I was going to skip over this as being more of a monster book than a superhero one, but Henry Pym wanted me to remind you that, barely a month after Reed Richards and his pals were exposed to cosmic rays, he was following in their footsteps, albeit without a costume, any supervillains, or any of the other trappings of what we would recognise as modern superhero comics. I did try to tell him that, really, this is just one of a million monster books of the 50s and 60s, and that he should just wait his turn, but he was very insistent. And you don't argue with Hank Pym...


Anyway, enough with the cheap shots, let's get on with the adventures of Hank Pym before he became a wifebeater. Our tales begins in Pym's laboratory, where our hero has just devised a serum which shrinks stuff.

Pym has being working on his formula for months, ever since he was dissed by his scientist pals.


Take a look at that last panel. Anyone really surprised that Pym turns out to be a bit of a nut-job? So, having perfected his shrink-serum, Pym tries it out on a chair. When the chair doesn't die, our Hank skips the whole "testing on animals" stage of his research, and moves straight on to the "testing on myself" stage.


See what I mean? Unstable at best, pure nuts at worst. Ah well, moving on, the shrunken Dr Pym barely has time to panic about his current state, before the residents of a nearby ant-hill, hearing his alarmed cries, decide to make a meal of him. Rather than, as you or I might do, running back into my now-oversize laboratory and hiding, Hank decides instead to hid in the ant-hill.

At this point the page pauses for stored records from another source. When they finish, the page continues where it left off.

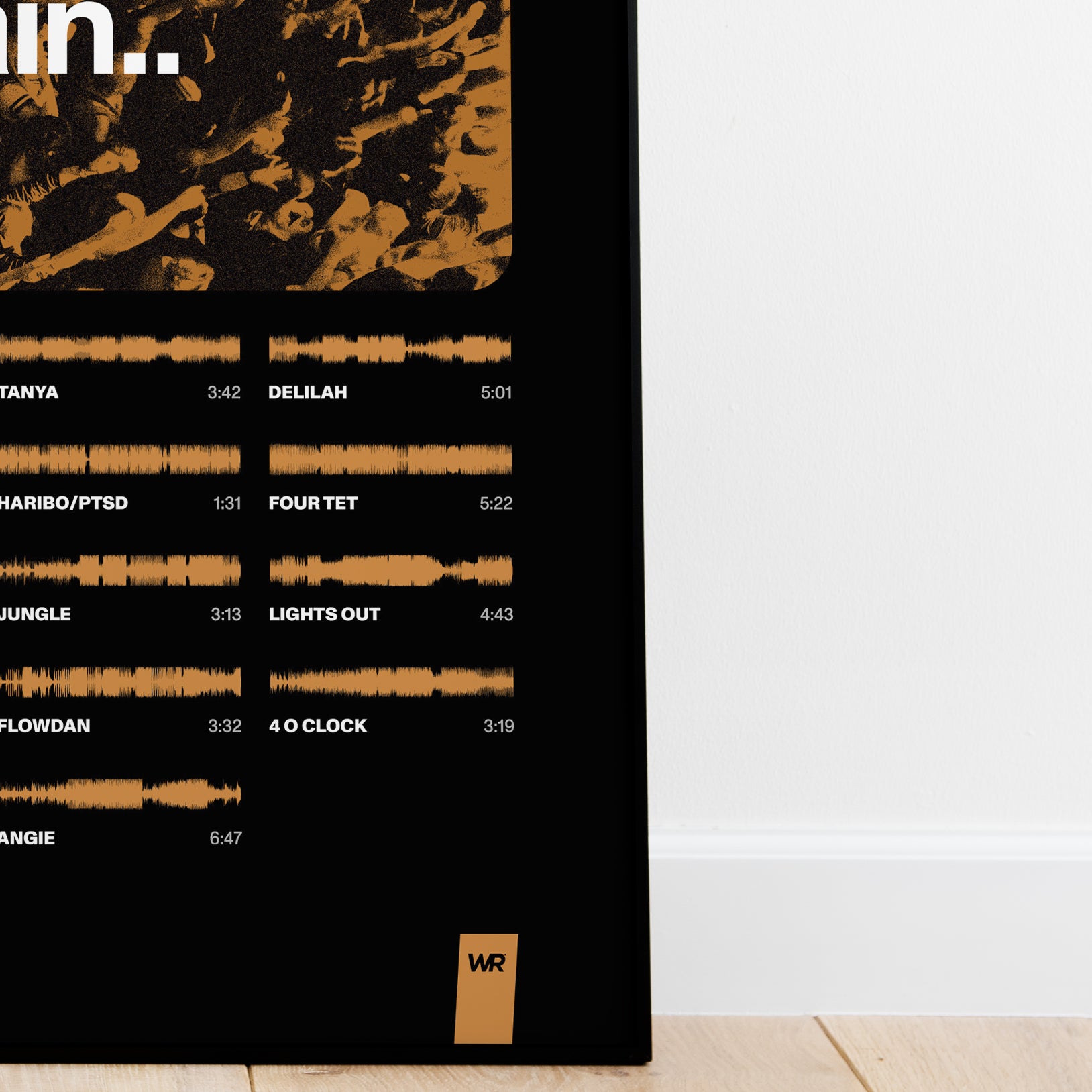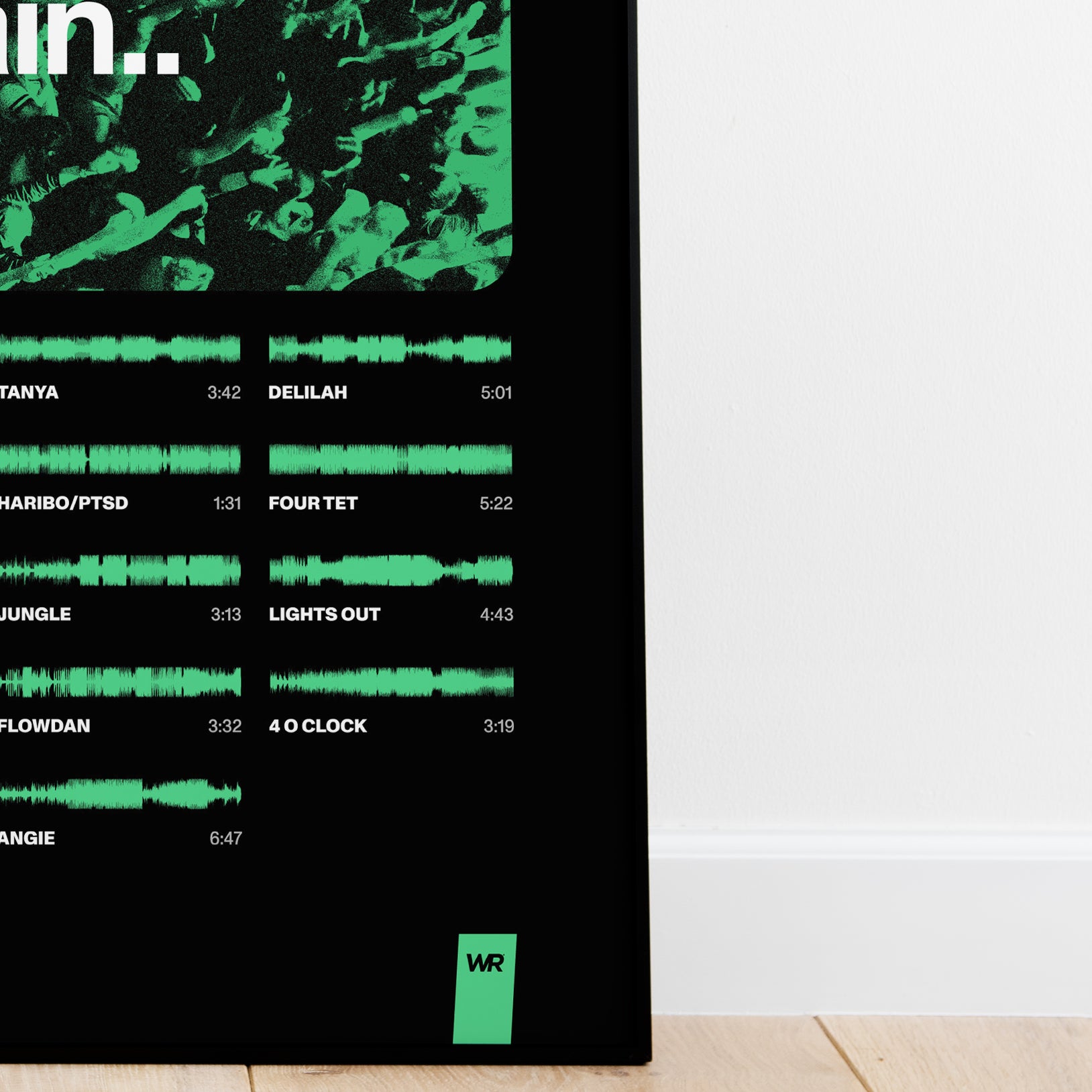 Make waves in your space with this unique soundwave album cover art for "Boiler Room Set (London 2022)" by Fred Again, available in three sizes: 16x20, 18x24, and 24x36 inches. Each piece is printed on high-quality 150GSM paper using industry-grade archival inks. Elevate your artwork by pairing it with a handcrafted, 100% hardwood frame in black, white, or natural wood, complete with hanging hardware for easy install & display. Certified authentic, each track’s soundwave is extrapolated using The Wav Room's lossless audio transcribing process, making it a must-have for Fred Again music enthusiasts.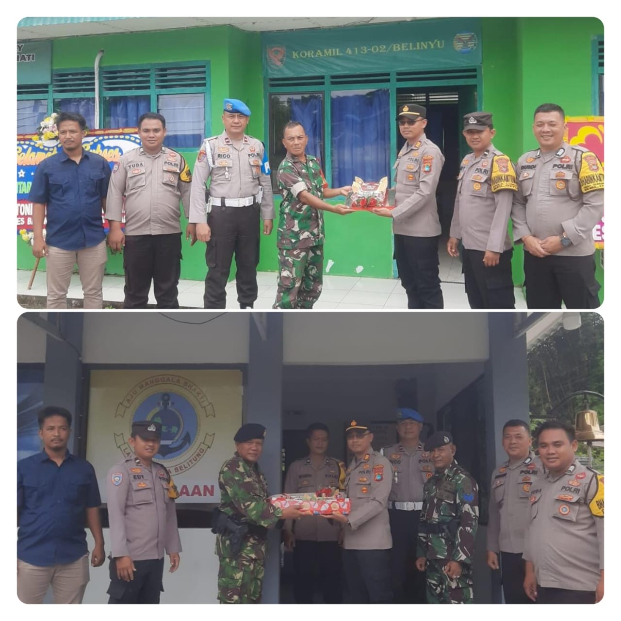 BANGKA – Kepolisian Sektor Belinyu atau Polsek Belinyu, mendatangi Koramil Belinyu dan Mako Lanal Babel, Sabtu (05/10) pagi.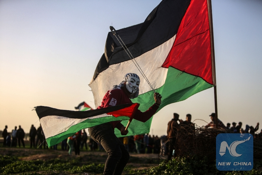 File Photo: A Palestinian protester uses a slingshot to hurl stones at Israeli troops during clashes on the Gaza-Israel border during clashes on the Gaza-Israel border, east of Gaza City, on Jan. 25, 2019. (Xinhua)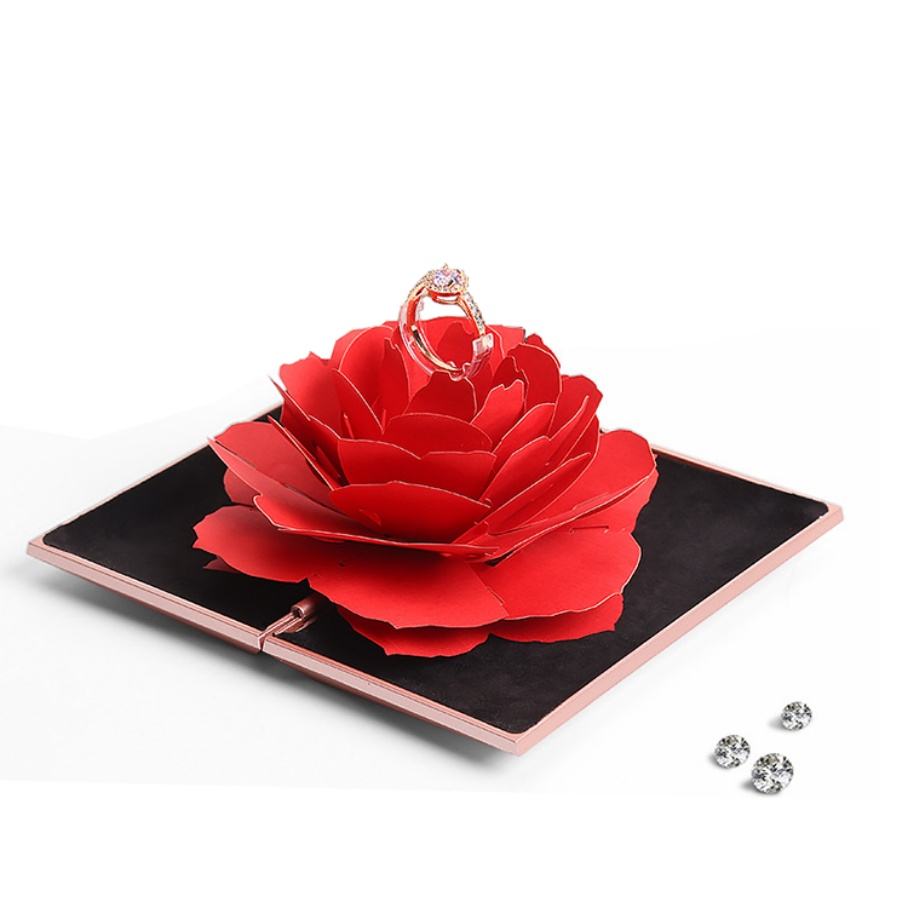 Item name:engagement packaging acrylic flock red rose pop up flower ring box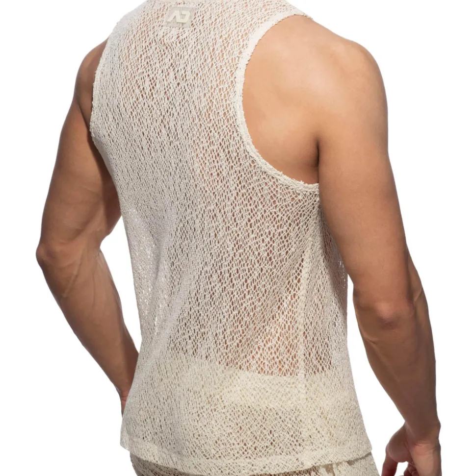 Débardeur en maille ultra légère et respirante à base de coton. Le tissu à motif bohémien dévoile le corps en transparence. Coupe chic et décontractée. Col rond. Logo AD en silicone dans le dos.

By some miracle, Pym stumbles across an unused match, and lights it, setting a fire in order to burn out those pesky formicidae. Good thing shrunken scientists are immune to fire and smoke, eh?

With the nest aflame, Hank makes a run for it, but...


Oh my! However will our hero get out of this life-threatening situation? By the fine art of judo, how else?


Go, Hank, go! Dr Pym makes it back to his laboratory, aided by a for-no-apparent-reason friendly ant, and manages to restore himself to full size. Is this the start of a new career for Doctor Pym, Scientific Adventurer?


Oh. Ah well, we'll see. Meantime, I guess Pym's scientist friends will feel somewhat vindicated for their earlier mocking. This being a scary science book, presumably those self-same scientists will be food for Spragg the Living Hill soon enough.